Posted on 05/11/2012 4:54:46 PM PDT by Kaslin

Finance: JPMorgan Chase's surprise $2 billion trading loss brought immediate calls from Washington for still more regulation. But if anything, this shows the costly Dodd-Frank financial regulation has solved nothing.

JPMorgan Chase CEO Jamie Dimon has been a loud critic of the Dodd-Frank financial law — particularly the Volcker Rule, which limits banks' investments for their own accounts.

So no doubt there was some high-fiving in Washington over his bank's $2 billion trading loss.

Dimon was blunt in his own assessment, calling his bank's trading strategy "flawed, complex, poorly reviewed, poorly executed and poorly monitored."

"We will admit it, we will fix it and move on," he added. But that's not enough for some.

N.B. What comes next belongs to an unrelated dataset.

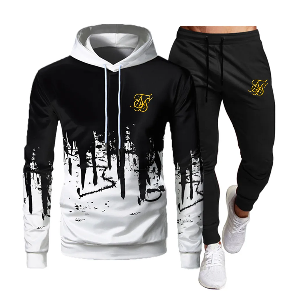 Мужская мода Sik шелковая Толстовка Спортивная одежда Мужская одежда для бега повседневная спортивная одежда мужской спортивный костюм для бега + брюки комплект из 2 предметов

"The enormous loss JPMorgan announced today is just the latest evidence that what banks call hedges are often risky bets that so-called too-big-to-fail banks have no business making," said Democratic Sen. Carl Levin.

This is hysteria masquerading as policy.

Yes, a JPMorgan Chase trader — dubbed the London Whale — made a bad series of decisions in hedging against the company's portfolio.

(Excerpt) Read more at news.investors.com ...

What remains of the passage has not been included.